The past week saw much debate surrounding the future of Britain’s Trident nuclear submarines. The new poll reveals that the British public are just as opposed to unilateral nuclear disarmament now as they were in the 1980s. When asked if Britain should get rid of all its nuclear weapons, even if other countries keep theirs, seven in ten (70%) oppose the plan compared to one in four (24%) who support it. These are identical to figures seen in 1987, when the divide between those opposing disarmament and those supporting it also stood at 70% and 24%, and are also very similar to what our results in 1983. Labour voters are twice as likely to support the idea than Conservative voters (34% vs. 15% supporting the policy respectively), but even so a majority are against the idea. When unilateralism is not mentioned, support for disarmament among the public rises to 34%, but a majority (58%) are still opposed.

 

Jeremy Corbyn’s plan to build new submarines yet not have them carry nuclear weapons does not prove very popular with the public. Three in ten (28%) support Mr Corbyn’s idea while a majority (52%) would rather replace the submarines and continue to have them carry their nuclear arsenal. Just 16% say that Britain should scrap the submarines altogether. Among non-Labour supporters, the gap is even higher – 65% want to keep Trident with nuclear weapons, while 23% support Mr Corbyn’s option. One in three (34%) Labour voters support the Labour leader’s plan while 36% support rebuilding the submarines and continuing to have them carry nuclear warheads, and 26% want to get rid of them altogether.

However other of Jeremy Corbyn’s policies prove more popular. Two in three (66%, 46% strongly) support his idea that companies should be banned from paying their shareholders dividends unless their staff earn the living wage (17% oppose it). While Labour supports are overwhelmingly in favour of the policy idea (75%), it even shows popularity amongst Conservatives with three in five (59%) supporting it. The overall figure however slightly drops to three in five (60%) when the question wording attributes the policy to Jeremy Corbyn – mainly among non-Labour supporters where support falls from 63% to 50%.

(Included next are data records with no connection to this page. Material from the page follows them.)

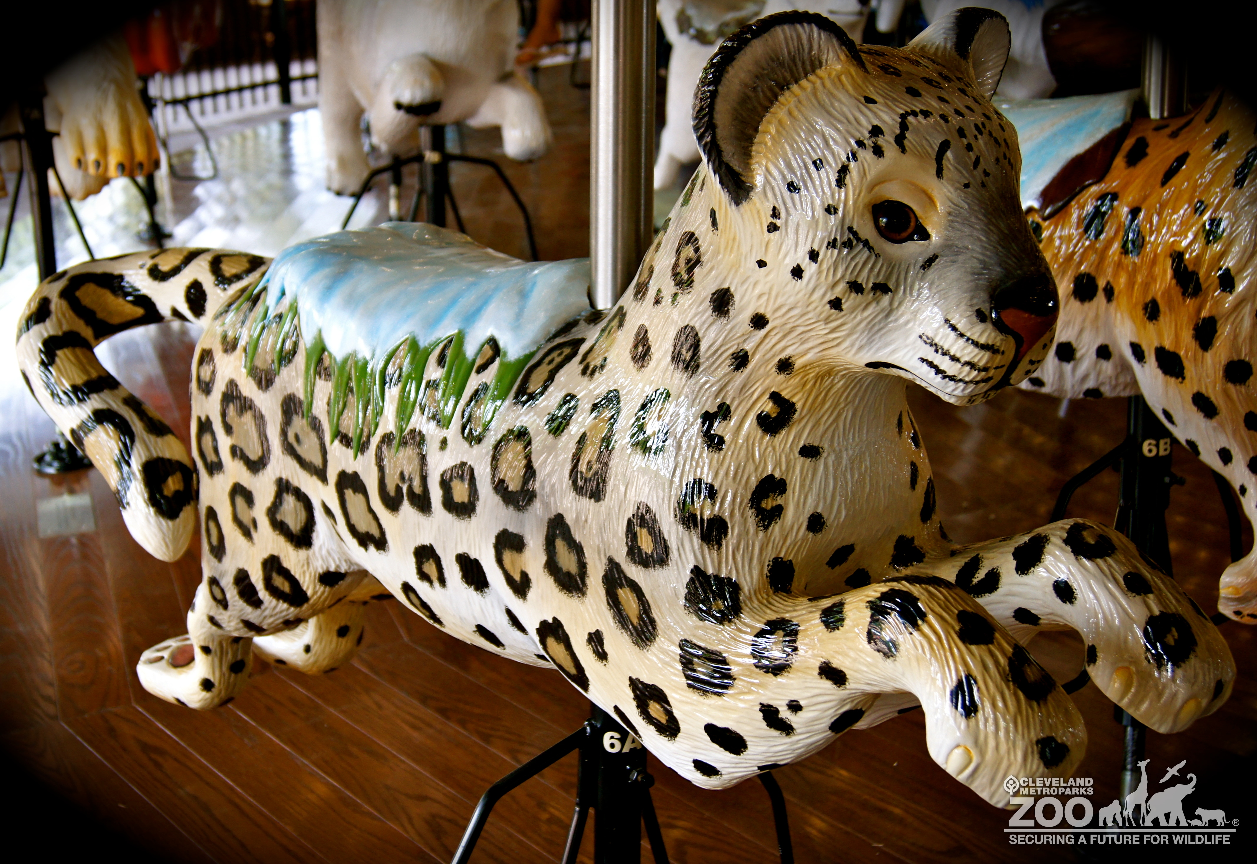 Snow leopard carved wooden carousel sculpture. Painted and able to be ridden by a guest. Located in Circle of Wildlife area.
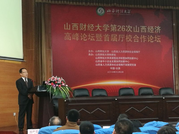 12月3日上午,由我校和山西省人力资源社会保障厅共同主办的第26次山西经济高峰论坛暨首届厅校合作论坛在坞城校区国际学术交流中心报告厅隆重举行。来自国内高等院校及研究所的专家学者、我省政府与企事业单位代表、学校各学院及研究中心的师生代表400余人齐聚一堂,共同享受了一场经济学大餐。论坛由副校长杨俊青主持。
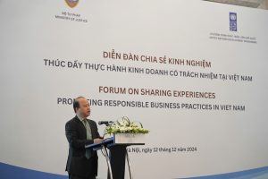 Luật sư Nguyễn Hưng Quang chia sẻ tại về thực tiễn thực hành kinh doanh có trách nhiệm thông qua hoạt động tư vấn của đội ngũ luật sư tại Diễn đàn chia sẻ kinh nghiệm thúc đẩy thực hành kinh doanh có trách nhiệm tại Việt Nam được tổ chức vào ngày ngày 12/12/2024 tại Hà Nội.
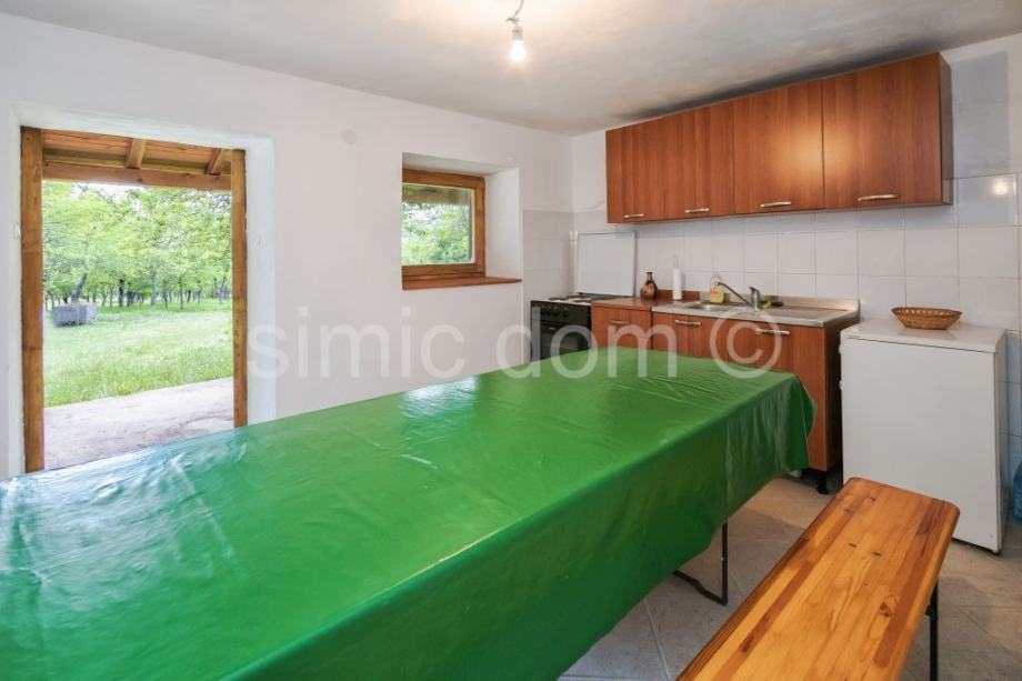 Posredujemo u prodaji prekrasne, izvrsno održavane i vrlo šarmantne glavne kuće, a tu je i dodatan objekt. Sve je skupa smješteno na parceli od 8500m2. Stambena površina glavne kuće je 100m2, dok je korisna površina pomoćnog objekta sa garažom (gospodarske zgrade) 90m2. Glavna se kuća prostire etažama prizemlja i kata. U prizemlju se nalazi kuhinja s blagovaonicom te kupaonica i dnevni boravak/soba, a prostor se može urediti kao zaseban apartman. Na prvom su katu dvije spavaće sobe, kupaonica te još jedan dnevni boravak s kuhinjom i blagovaonicom. Kuća je u vrlo dobrom stanju te je kompletno renovirana 2011. Kuća ima sve priključke (uz septičku jamu), a do nje vodi asfaltiran javni put. Imanje je prepuno stabala voćaka te je ukupan dojam da je riječ o vrlo dobroj prilici što za obiteljske namjene, ali su tu i mogućnosti oplemenjivanja u turističke svrhe. Sama lokacija je vrlo mirna, dok se svi sadržaji nalaze u obližnjem Donjem Lapcu koji je udaljen 5 minuta vožnje. Vlasništvo uredno.
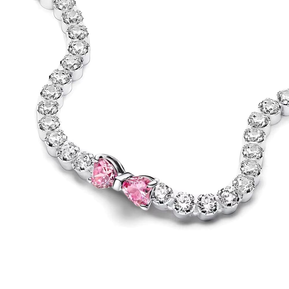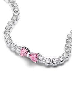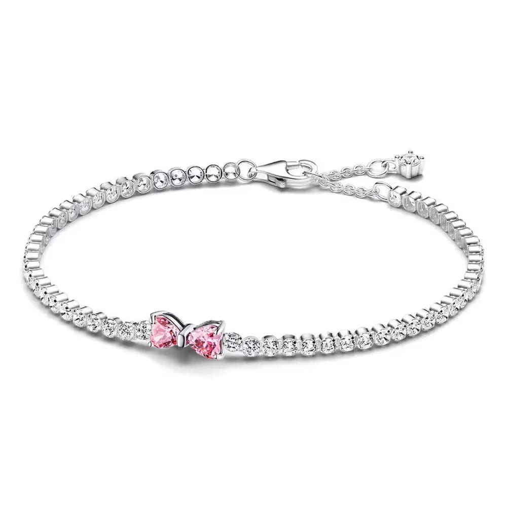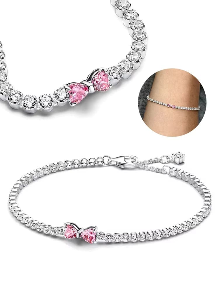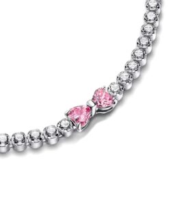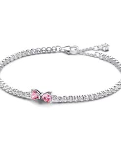 Adjon egy csipetnyi eleganciát és nőiességet ékszerkollekciójához ezzel a gyönyörű karkötővel, amely tökéletes bármilyen különleges alkalomra. Ez a finom, sterling ezüstből készült darab kifinomult dizájnnal rendelkezik, elegáns masni/szív motívummal, amelyet apró cirkóniakristályok díszítenek a látványos hatás érdekében.

David Cameron remains the party leader with the highest satisfaction rating, with 42% satisfied with his performance and just over half (52%) dissatisfied (giving a -9 net satisfaction score). Three in ten (31%) are satisfied with Labour leader Jeremy Corbyn and 49% are dissatisfied (-18 net satisfaction). UKIP leader Nigel Farage’s ratings are identical to Mr Corbyn’s (31% satisfied and 49% dissatisfied) and while 22% are satisfied with Tim Farron (32% dissatisfied) 46% say they ‘don’t know’, showing the Liberal Democrat leader has yet to make a breakthrough into the public’s awareness.

Ongoing vote intention figures still show the Conservative party with a lead over Labour. The Conservatives currently stand at 40% compared to Labour with 31%, UKIP at 11% and the Liberal Democrats at 7%.

Gideon Skinner, Head of Political Research at Ipsos MORI, said:

“Labour starts 2016 with big challenges ahead, being the furthest behind the Conservatives on perceptions of unity and leadership team since we started asking the question. The last time one of the big two was this far behind was in May 2001, when William Hague’s Conservatives were trailing Tony Blair’s New Labour. Meanwhile, the British public are as opposed to unilateral disarmament today as they were when we were asking them 30 years ago.”

Technical note

Ipsos MORI interviewed a representative sample of 1,027 adults aged 18+ across Great Britain. Interviews were conducted by telephone 23-25 January 2016. Data are weighted to match the profile of the population.